Tuesday, September 29, 2009

Life update

It's been a while since any of us have posted anything here - would really like to get these blog posts going again and get some new people on here sharing their life stories and their battles / successes with Crohn's. If you're interested - email me.

My life over the summer has been pretty crazy. For those of you who keep up with me, you know I'm pretty OCD with my running and I this year I started competing in triathlons. Got 2 triathlons under my belt & was training pretty steady for running a full marathon this fall... Then the wheels fell off...

Not literally off my bike... but I ended up with a stress fracture in my left shin. What does than mean to a runner - NO RUNNING for 12 weeks!! So I have not run since the first of July, until today. The doctor has now cleared me to run and I was able to get out and run 1 mile today. Thank Heaven for the small things in life.

Have to wonder in the back of my mind if the stress fracture might somehow be tied to Crohn's and the lack of nutrition that our bodies get and keep inside. I was not training hard and was not increasing my mileage severely - I guess anything could happen and cause a stress fracture, but have to wonder what role Crohn's played. Probably will never get the true answer this side of Heaven.

Still taking Humira on a regular basis - 1 shot every two weeks. I take Pentasa, but have the biggest struggle trying to remember to take it 4 times a day. When I take it I can tell that I feel better, but dangit - why can't they just make it one pill a day. We Crohn's patients do try to have a life - & trying to fit those pills every 4 hours into a schedule is tough. Should be that tough, but it is...

Hope you guys / gals are doing ok out there & we'll chat again soon.

Tuesday, June 16, 2009

Why I Run

I often get asked why I run? Why would I put my body through the training to be able to do triahlons and marathons and ultimately IronMan. Why would anyone put themselves though this? Why would you give the most precious commodity the we all have in our lives - time. Why would you want to give when Crohn's, the disease racking your body every day, only wants to take.
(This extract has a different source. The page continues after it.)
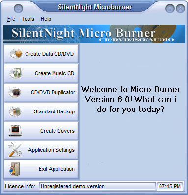 SilentNight Micro CD Burner là chương trình ghi đĩa nhỏ gọn, cho phép ghi dữ liệu lên các đĩa CD/DVD, ghi theo chuẩn Audio CD, ISO và hỗ trợ xóa đĩa CDRW.

Put simply I run because I can. I say that not out of any type of arrogance but out of the knowledge that there was a time in my life that I was bedridden and simply struggled with the basics of life - and the unfortunate knowledge that I may one day return to that state. So here I am, Carpe Diem & running because, and while, I can.
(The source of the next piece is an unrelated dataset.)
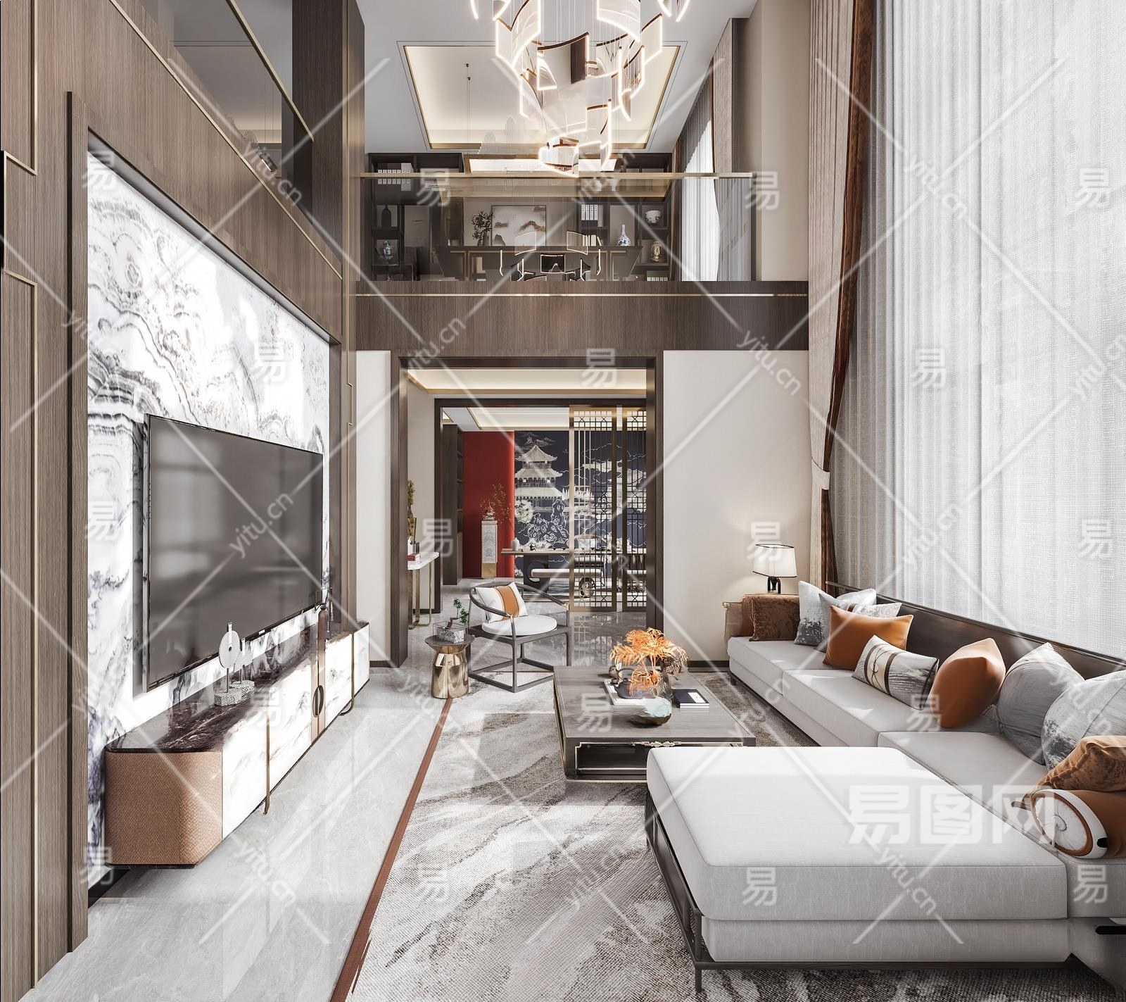 新中式别墅客厅3D模型下载

Those of you who know me, know that I do not wear my Crohn's on my sleeve. I know that it influences my life and my daily decisions, but I refuse to allow it to define who I am. I am not a Crohn's patient who is able to do all of these things - I am a man who does all of these things and manages a medical aspect of his life. It is also fun to talk to people who we have known since we moved to Dacula (3 years ago), who have had some involvement in our lives and then find out "oh by the way, you know I have Crohn's, right?" It just doesn't come up and I refuse to be known as "that guy with Crohn's" - wow, I'm rambling.
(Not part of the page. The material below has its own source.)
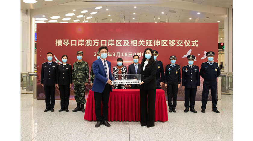 為此,澳珠兩地政府於2020年3月18日零時在橫琴新口岸旅檢大廳一樓舉行橫琴口岸澳方口岸區移交儀式。儀式上,珠海市台港澳工作辦公室主任鄒樺宣讀了國務院有關批覆,隨後橫琴新區管委會副主任吳創偉將橫琴口岸澳方口岸區象徵物(橫琴口岸澳方口岸區模型)交予澳門保安部隊事務局局長郭鳳美。
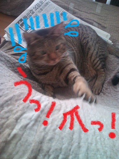 爪がソファーカバーに引っかかってます。

But there are times when God opens up the Crohn's door for us to be a support to family and friends who are potentially struggling with this horrible disease. One of those doors has been open recently with some new friends in our Sunday School class.

Their son has been a pretty sick little boy and the docs just can't seem to get a handle on what it is. Any of you with Crohn's or Colitis understand this process. Test after test after test. His next test is tomorrow morning at 6am - the dreaded scopes (need I say more). Please be in prayer for this family and pray that the doctors can find what is going on. Only then can treatment truly begin. The unknown is the hardest part, but there is a possibility that this is Crohn's or Colitis.

I don't know if any of you will be willing to take time to do this tomorrow morning - but I'm going ask. I have been running in the morning and tomorrow, am scheduled to run 4 miles. My commitment is to run these 4 miles in honor of Chase, because I know that tomorrow morning at 6am, he can not run. I feel strongly the need to run for those who can't. Tomorrow is my hill run day - so I will have 4 miles of peaks and valleys of one on one...Me & God time to pray for this little guy. Any of you willing to dedicate your morning run miles tomorrow to Chase and to pray for him while you run.

If you can't run early at his procedure time - then just run anytime during the day. His mom and dad need your prayers all day long, just as much as he does. Pray for their peace.

I pray that God will guide the hands of the doctors to find out what is wrong. I pray with all my heart it is not Crohn's or Colitis - I would wish this disease on my worst enemy. But if it is, Then I pray that God will provide the love and support that this young man and his family need... right now.

Why do I run.... I do it for those who can't.